Г-н Штейн вышел из кабинета.
– Будешь юродствовать, я тебе почки отобью, – пробасил мой надзиратель. – Если что потребуется, говори мне, понял?
Я собрался послать его, но передумал. Здоровье еще пригодится.
– Понял. Подушку, плед, чай с молоком и сэндвич.
– Угу, а хрен с горчицей не хочешь? – ухмыльнулся верзила. – Или еще чего сладенького?
Когда он вышел, я сел в кресло и включил компьютер. Экран замерцал и запросил пароль доступа. Я проверил телефон. Он безмолвствовал. Итак, я в полной изоляции, под надежной охраной. Я приподнял чернильницу. Бронзовая нимфа весила прилично. В случае необходимости ей можно легко свалить с ног.
Я поставил чернильницу на место. По словам папы Скруджа, с ирландской компании Влад перевел деньги тремя платежами. Шесть миллионов – его долг Сержу. С этим все понятно, но почему еще два и семнадцать? Странно. Может, он таким образом попытался скрыть от Сержа часть денег? Или у Влада был сообщник. Или сообщница. Например, та незнакомая девушка, про которую упоминал Макс. Ей, вероятно, и были отправлены два миллиона. Кто же эта незнакомка? Ее видел Николя, но он эту девушку не знал – иначе не расспрашивал бы у Макса, кто она такая. И как же теперь ее найти, если Николя мертв, а Влад исчез? Да уж, вляпался я в историю – доказывай теперь свою невиновность. Ладно, Антуан, паниковать пока не стоит, впереди еще целых шесть дней. Надо обязательно найти связь между пропажей денег и смертью Николя. В том, что эта связь существует, я не сомневался.
Превозмогая боль в голове, я встал и начал изучать обстановку. В углу на подставке белела расписная фарфоровая ваза. Я не удержался и заглянул внутрь. Пустая. Почему в эти декоративные горшки всегда так и тянет бросить пару обглоданных костей? Видимо, издержки дворового воспитания. Я подошел к книжным полкам, занимавшим всю стену напротив окна. Почти все книги на русском. Есть что почитать. В центре одного из книжных шкафов, словно выгравированная миниатюра, пряталась дверка. Она оказалась не заперта. Мини-бар! Бокалы и две бутылки французского коньяка: одна начатая, другая еще запечатанная. «Вот и обезболивающее!» – обрадовался я, но выпить не успел.

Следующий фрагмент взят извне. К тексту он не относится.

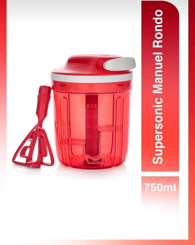 750ml kapasiteye sahip kırmızı manuel rondo, kolay kullanım için saplıdır. Çok amaçlı çırpıcı aparatıyla birlikte gelir.
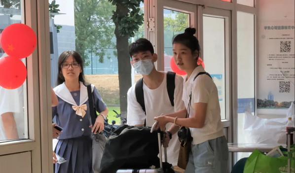 一年的时光转瞬而逝,曾经的21级萌新们如今成长为新生口中的学长学姐了。疫情之下,薪火相传,他们像曾经引导他们的学长学姐一样承担起志愿者的职责,奔波在新生宿舍楼之间。
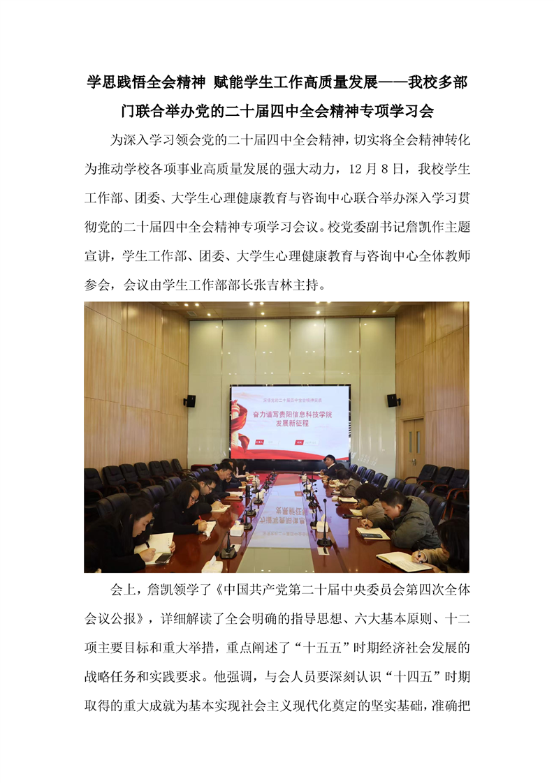 学思践悟全会精神 赋能学生工作高质量发展——Beat365多部门联合举办党的二十届四中全会精神专项学习会
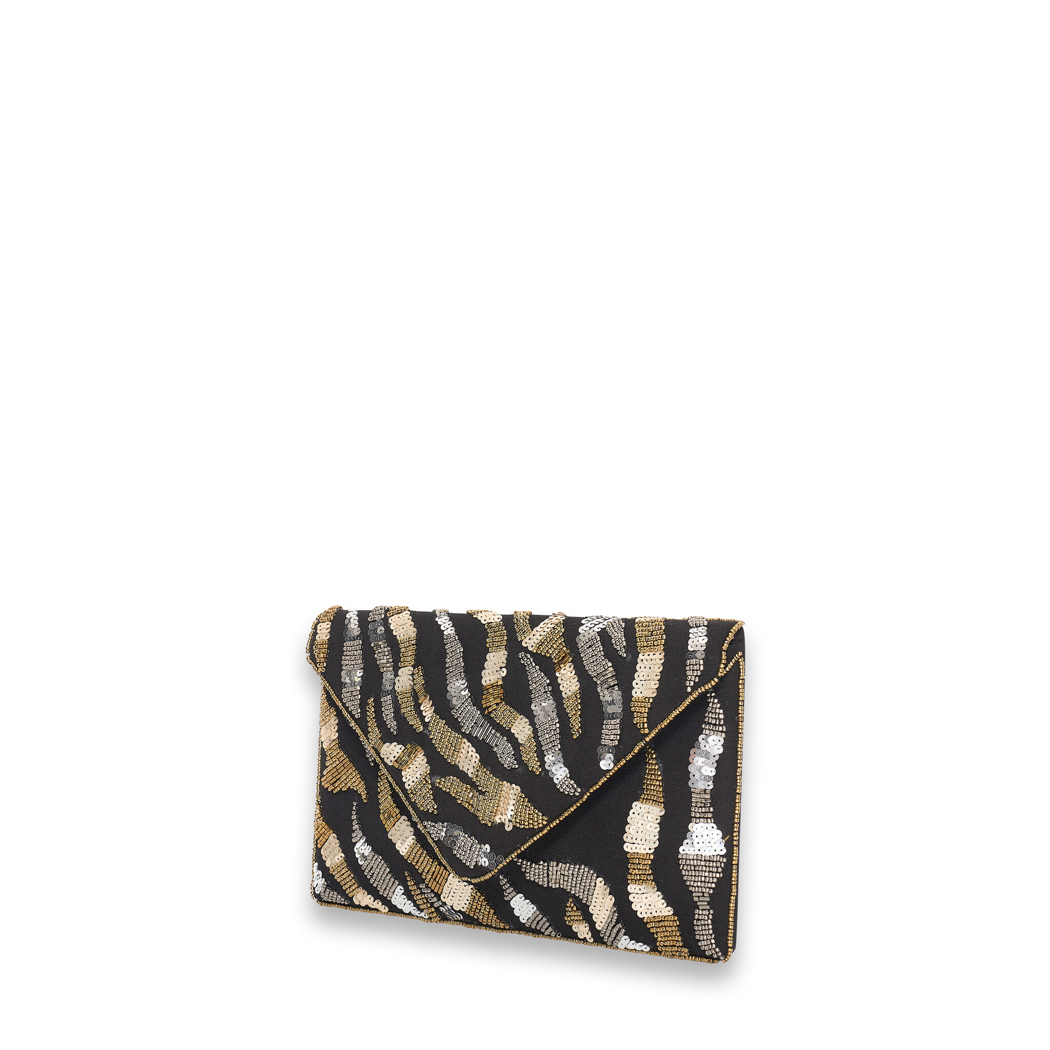 This bubbly black Zebra clutch, is an absolute bag must-have to go out with. With this clutch bag, you will receive an adjustable shoulder strap. This way you do not only have to hold this bag in your hand, but you can also wear it over the shoulder. On the interior, this bag has one main compartment with one slip pocket. The bag closes with a flap and two magnet snap closures. The colour of the hardware is silver. The sizes (widht x height x depth) of this bag are 25x15,5x1

Послышался щелчок замка. Закрыв мини-бар, я сделал вид, что рассматриваю книги.
– Эй, арестант, – крикнул верзила. – Принимай баланду.

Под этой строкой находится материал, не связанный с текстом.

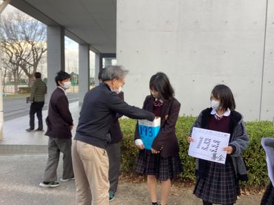 12月14日、登校時に生徒会メンバーが本校生徒昇降口前に立ち、「193募金」への協力を呼びかけました。「193募金」は、難病と闘う山本育海さんが、2015年に高校の同級生たちと始めた募金活動で、難病研究が進むよう京都大学iPS細胞研究所へ寄付するもので、毎年、明石市の各高校が中心となって実施しています。寒い風が吹く中でしたが、生徒会メンバーが懸命に呼びかけた結果、多くの募金が集まりました。難病研究が進み、多くの患者さんの命が救われることを願っています。
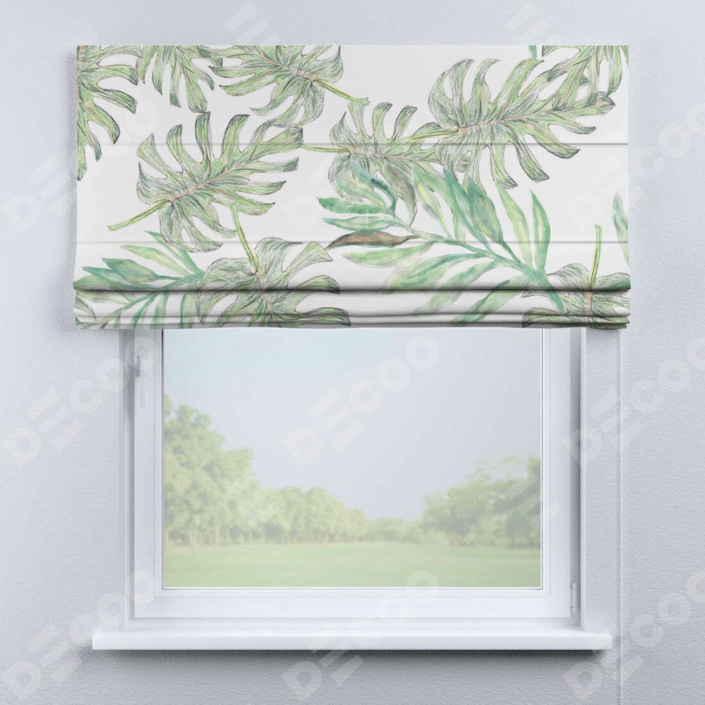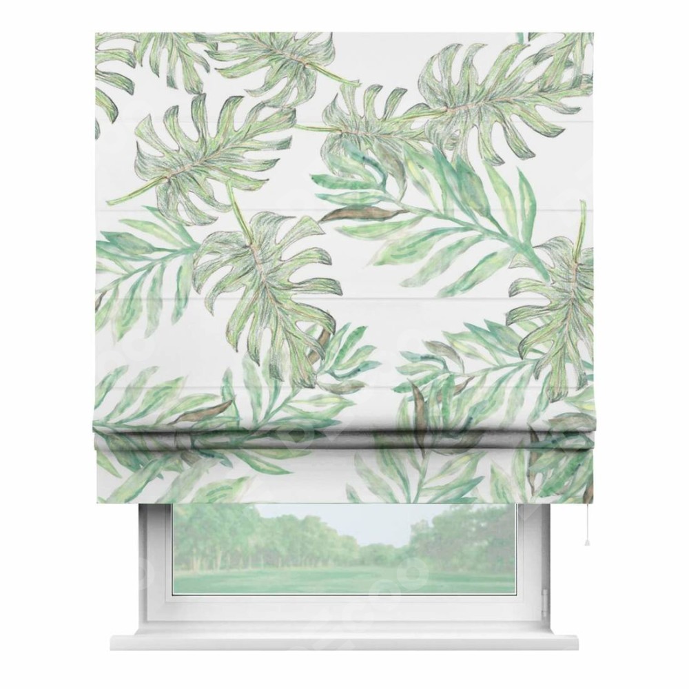 Римская штора «Кортин» для проема «Листья монстеры»

Баланда оказалась жареным мясом с рисом в одноразовой упаковке из китайского ресторана.
– А это тебе «уиски»… со льдом! – пластиковая бутылка воды шлепнулась на диван. – Наслаждайся.
– Спасибо. А где пироги?
– Какие пироги? – верзила набычился, чувствуя подвох.
– Шутка, – я развел руками. – Joke.
– Не шути больше, – он вытащил из кармана мой телефон и показал на экран. – Тебе тут сообщение.
Послание было от Кэт.
«Не ожидала, что ты такой коварный подлец».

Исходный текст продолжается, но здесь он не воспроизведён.